Preston is familiar with what makes a good book. Her second mystery novel, “Song of the Bones,” won the Mary Higgins Clark Award for suspense fiction in 2004. She had just sold a mainstream, women’s novel, “The Butterfly House,” to a major publisher and they needed the outline for another project to be part of her two-book contract. They rejected a proposal Preston gave them for a book about a family separated by the Berlin Wall, but liked the organ donation idea.
Under the contract, Preston had to produce the book in one year.
“It was very scary,” she said. “I write slowly and I revise a lot.”
Preston knew to make the book authentic she needed to talk with people who had experienced organ donation first-hand. She started with the people in the commercial that sparked the idea.
Their names, along with hometowns, appeared on the screen. Jim Lenhardt of McAlester was the recipient of the donated heart. Preston found him through the McAlester phone directory and he agreed to meet with her.
“He’s a big bear of a man, about six-four,” Preston said. When she spoke with him it was about 12 years after the transplant operation. “He couldn’t talk about his transplant without choking up.” Fortunately, for Preston, his wife was able to provide her with ample details of the transplant procedures.
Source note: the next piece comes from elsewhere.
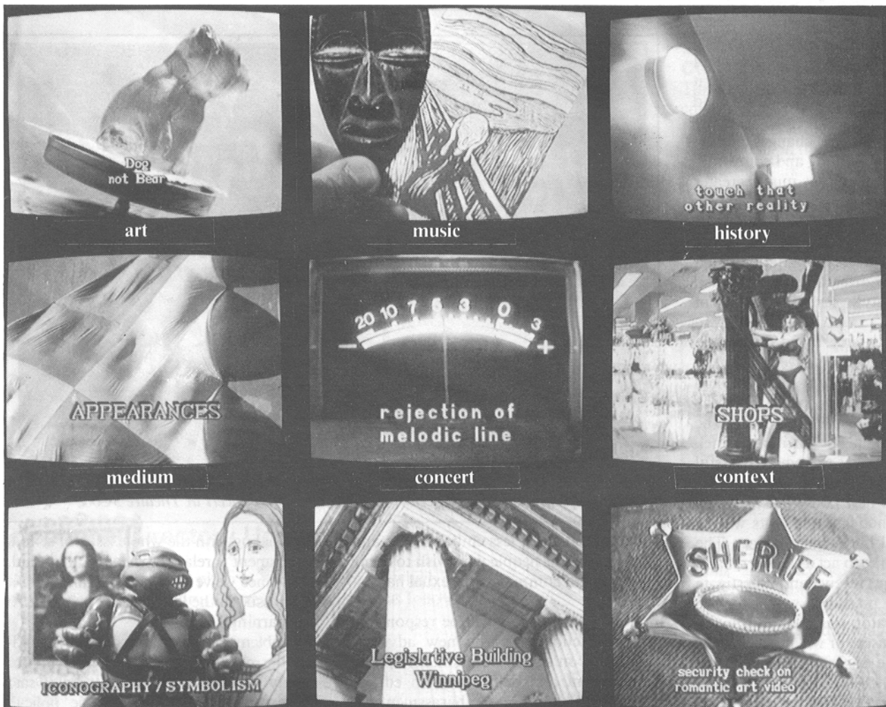
The interpretation of visual texts.

The videos produced for the FYDE program have also been shown to Majzels' students on campus. "Their response has been very positive," she said. "Videos supplement the course material in an interesting and challenging way for students both on and off campus."

Preston also talked with Shirley Trainer, the mother who had lost her son.
“She was very candid about what the family went through and the decision they had to make,” Preston said.
Preston felt that making the decision had been explored a number of times in movies and television, but what happened after that difficult decision was an untouched area.
“I wondered how I could go on,” Preston said. “That’s what set me on the story.”
“The Piano Man” follows the story of Claire O’Neal, a mother who loses her son, but can’t come to terms with the fact he is gone.
“Three years later she is still not doing well,” Preston said. In the book, O’Neal sets out to find the man who received her son’s heart. When she locates the recipient, he is playing piano in a seedy bar. He is also smoking and drinking too much. O’Neal thinks he doesn’t really appreciate the gift he’s been given and makes it her mission to improve his health.
In researching the book, Preston talked to a number of transplant patients in addition to Lenhardt and developed a deep admiration for those who endure the process.
“The things people who have received organs have to go through are just amazing,” Preston said. Most have to take anti-rejection medications, which can cost thousands of dollars each month. Minor infections or a common cold can set the stage for organ rejection.
Preston said writing the book made her more appreciative of her own health and also showed her the immense need for people to sign up as organ donors.
“There are more people on the waiting list than there are donors,” Preston said. In addition to vital organs, a number of other parts of the body can also add years to the life of a recipient, including heart valves, tissue, cartilage and bone. Some people might think they are too old to be an organ donor, but Preston said that’s not so.
“Lots of things can be used that might not be affected by age,” she said.
Preston is donating a portion of proceeds from the sale of “The Piano Man” to the Children’s Organ Transplant Association.
To register as an organ donor, check the organ donation box on your driver’s license and go online to www.lifeshareregistry.org.